Tom, this has been an amazing tour of a topic that is sort of new to the podcast.
We haven't done sort of a deep dive into brain cholesterol.
But I think it's been such an important discussion because I think there's a lot of confusion
out there on this topic.
I think that the completely different way in which the brain goes about doing its business
with respect to cholesterol from the periphery, I mean, hell, most people don't even understand
how the periphery deals with this.
So why would we expect somebody to understand the role of oligodendristites and neurons and the different pathways in APOE versus APOB?
So again, I know that this podcast was a little technical, but I think you did a great job of explaining it, anthropomorphizing it when appropriate.
And obviously, this might be the podcast someone has to listen to or watch a couple of times and the show notes will be robust.
So I want to thank you.
And as always, Tom, it's been, gosh, it's been 15 years since you took me under your.
your wing and helped me develop my understanding of this field of lipidology. So I can never,
I can never waste an opportunity to thank you publicly for, for your generosity. You're personally
with me. So, so thank you very much, Tom. And look, I'll wrap this up by saying, yes, I was your
lipid mentor for a while, but over the time, we've known each other a long time. And I've got to
experience your immense knowledge on things I had never even considered before. So you've taught me
just as much about so many things.
I think it's a great partnership that we, thank God, we bumped into each other and we've
evolved into this role.
And I'm still going and have the honor of still working within your practice, not as a
prescriber to the, but just to keep the staff educated.

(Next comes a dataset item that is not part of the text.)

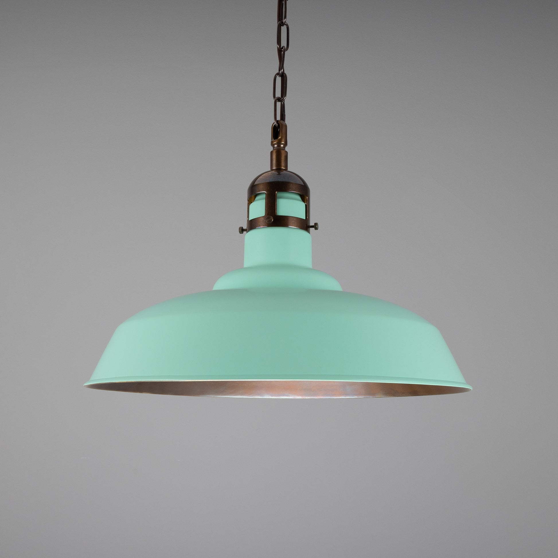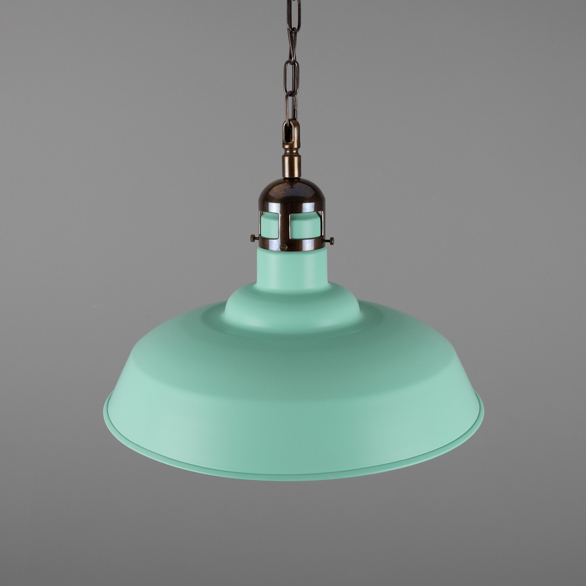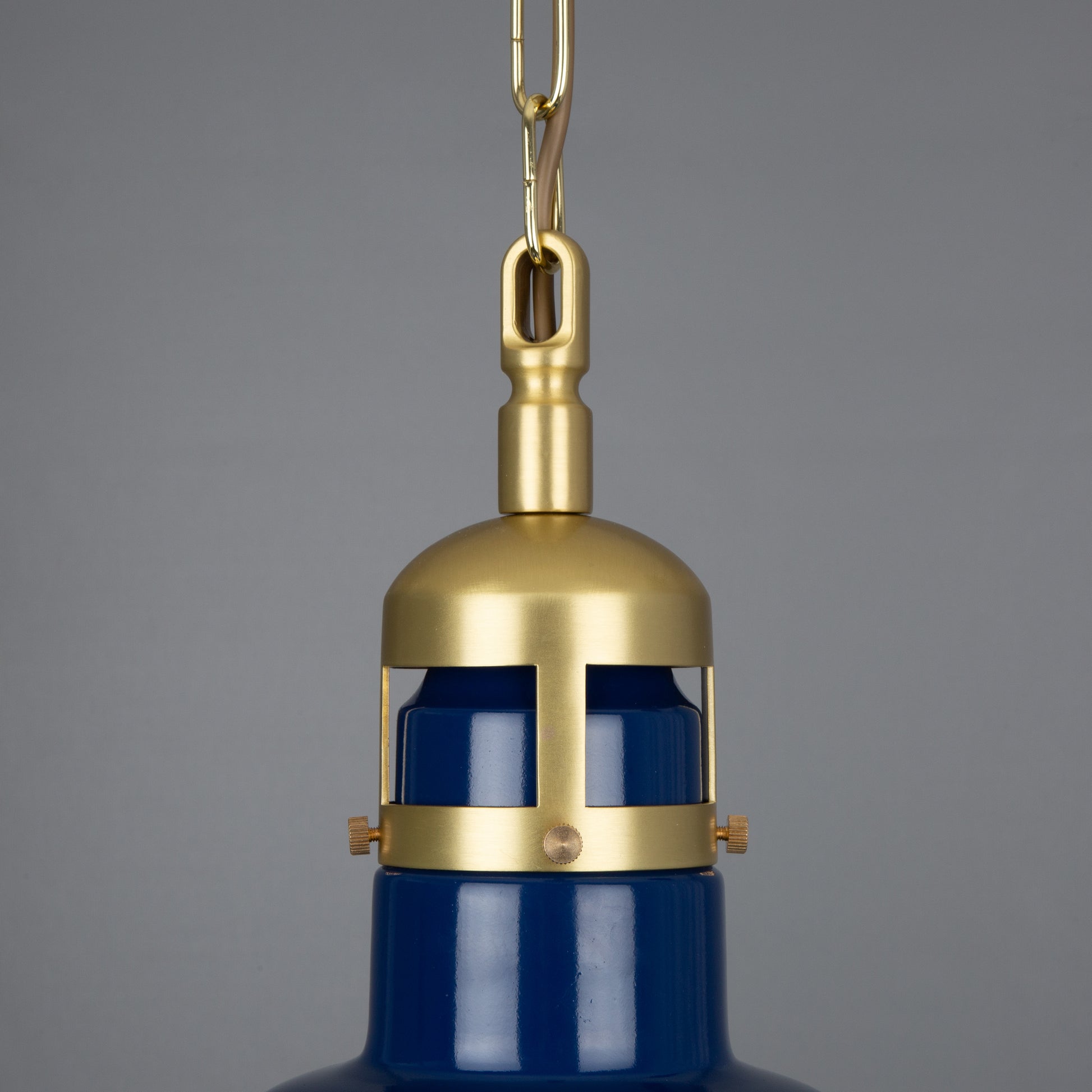 The sapphire blue colour finish is striking against the brass cap feature. Available is four beautiful brass finishes, the Matlock factory-style pendant can suit a range of interior aesthetics.

And, you know, I'm shipping you out.
Here's the newest, latest, and greatest stuff all the time.
It's just been a phenomenal, wonderful way for me to continue my career.
So I love you eternally.
You know that.
And, hey, sooner or later, it'll be another topic.
We're going to have to expound on again because lipids keeps changing and getting more and more and exciting.
So I love doing it.
Thank you, Tom.
Thank you very much.
Thank you for listening to this week's episode of The Drive.